From this base, MacDonald argues that the number of people killed by police is a function of violent crime, not state violence. Black death should be compared to blue death. And blue lives matter more than black lives. Here’s how:
As described, MacDonald asserts that the percentages of violent crime in a community should dictate how many people the police will kill in that community.
This is an invalid argument according to expert academic and community standards, and revolting according to the standards of human decency. But let’s entertain – ever so briefly –that there is a relationship between the violent crime rate and the police killings of black people. Additionally, let’s assume that this relationship is completely unrelated to state violence in general, and in relation to other target communities. Sure.
Looking at FBI statistics from 2014, of the approximately 1.2 million violent crimes were allegedly committed. That same year, approximately 390,000 arrests were made for violent crimes. 232,000 were white while 147,000 were black.
While it is extremely difficult to find information on the number of people killed by police broken down by racial demographics prior to 2015, using statistics from that year, MacDonald’s reason dictates that in exchange for apprehending under 150,000 allegedly violent criminals from the black community, more than 300 black people should be expected to be killed.
This argument is little more than statistical hate speech, but let’s entertain it long enough to ask if murder is, in fact, a fair exchange for violent crime?
What if the nation decided that the violent crime rate isn’t an adequate comparison, but there could be a fair exchange using an eye for an eye mentality. In other words, murder for murder is an acceptable exchange.
Of the 1.2 million violent crimes committed in the United States in 2014, approximately 14,200 of them were murder or non-negligent manslaughter. Of these, law enforcement officers were only able to apprehend approximately 10,500 potential offenders.
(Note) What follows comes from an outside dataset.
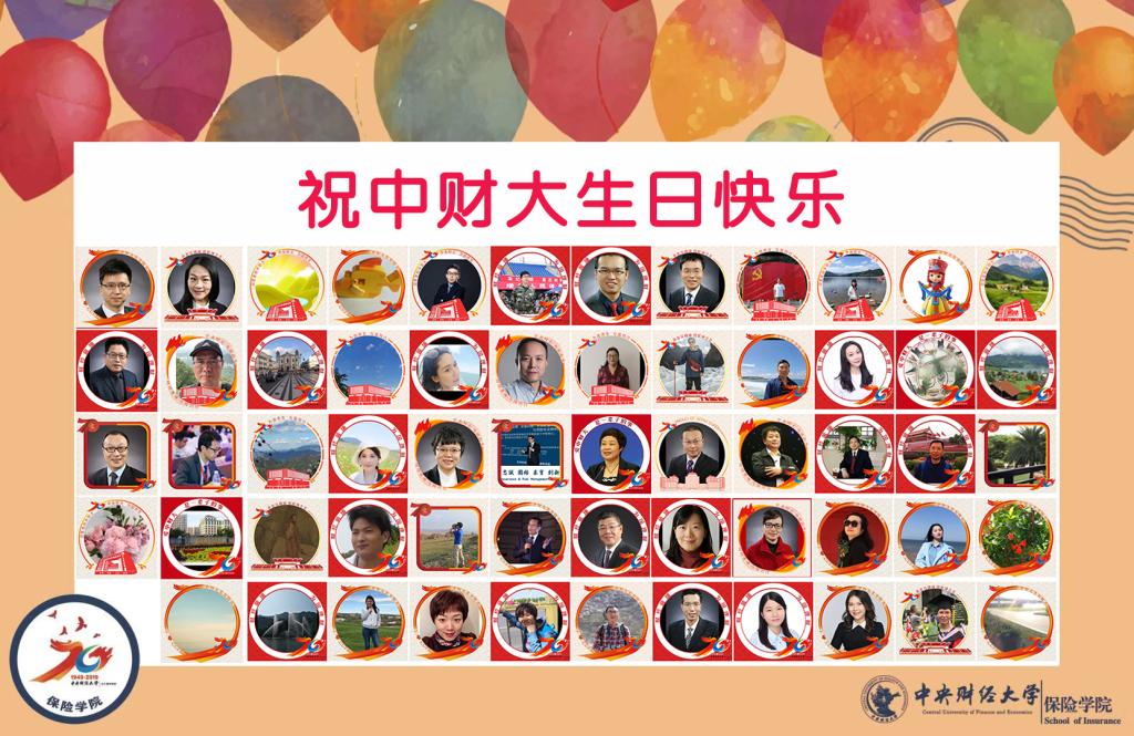 在“每日一课”主题党日活动群中,新葡萄8883官网AMG官网师生党员纷纷表达对母校的祝福。新葡萄8883官网AMG官网党委书记王颖老师表示:“今天,是中财的生日,是全体中财人的节日。这一天,中财师生人心空前凝聚,爱校热情空前高涨。中财情,体现在点点滴滴,我爱中财,我为我是中财人感到骄傲和自豪!”。院长李晓林教授表示:“热烈庆祝新葡萄8883官网AMG官网70华诞!桃李不言庭芳满,弦歌七秩今又凯。祝愿新葡萄8883官网AMG官网积历史之蕴,宏图更展,再谱华章!”郝演苏教授说道:“不忘初心、牢记使命!恪守新葡萄8883官网AMG官网专业建设和发展的定位:保障苍生万物、精算天下财富、保险固邦安国!借力学校七十年庆的荣耀,为创造国际一流学科努力奋斗!”。新葡萄8883官网AMG官网党委副书记张楠楠老师表示:“与共和国一起成长,是荣光、是责任。中财大生日快乐!”。保险17学生李璐桐表示:“历经七十载,风雨沧桑;一心育桃李,初心不忘。我爱我的祖国,我爱我的中财大,祝中财大七十周年生日快乐!”七十载风雨兼程,七十载龙马奋进,新葡萄8883官网AMG官网师生同庆,共迎母校生辰!

Using MacDonald’s reasoning, law enforcement officers should be able to kill at least 1,100 people in order to arrest 10,500 alleged murderers. As applied to the black community, MacDonald’s reasoning would dictate that over 300 people from the black community should then be expected to be killed in exchange for law enforcement officers’ efforts to apprehend approximately 4,200 alleged murder suspects.
There is one more condition, though. The people they are justified in killing do not have to be accused of murder, a violent crime or any crime at all. They do not have to be resisting arrest, they can be the victims of excessive force, and they can be children, the disabled, and unarmed community members.
Or perhaps, as MacDonald argues in the War on Cops, black lives should be compared to police officer lives. Only 13 police officers were killed by police in 2014 by black offenders, but 306 black people were killed by police officers that same year.
MacDonald is arguing that in a world where a war on cops actually exists, the lives of 306 black people are not worth the lives of 13 police officers.
She spins this with pseudo-academic language writing, “an officer’s chance of getting killed by a black assailant is 18.5 times higher than the chance of an unarmed black getting killed by a cop.”
This statement makes sense only if you accept that the lives of 13 officers are worth more than the lives of 306 black people – or that it takes over 24 black lives to equal 1 blue life.
Interestingly enough, MacDonald’s completely racist and ungrounded assertions lends more validity to the argument that the majority of law enforcement officers should be unarmed than it does to the idea that black lives don’t matter.
The best counterargument for MacDonald’s argument that a cop is 18.5 times more likely to kill a black person than a black person is to say: only if you believe that black lives are worth less numerically than others. It might be helpful to remind them that black people are people. They are not 3/5ths people. They are not 1/30th a police officer. They are people. Black people are people. Their lives matter. Black Lives Matter.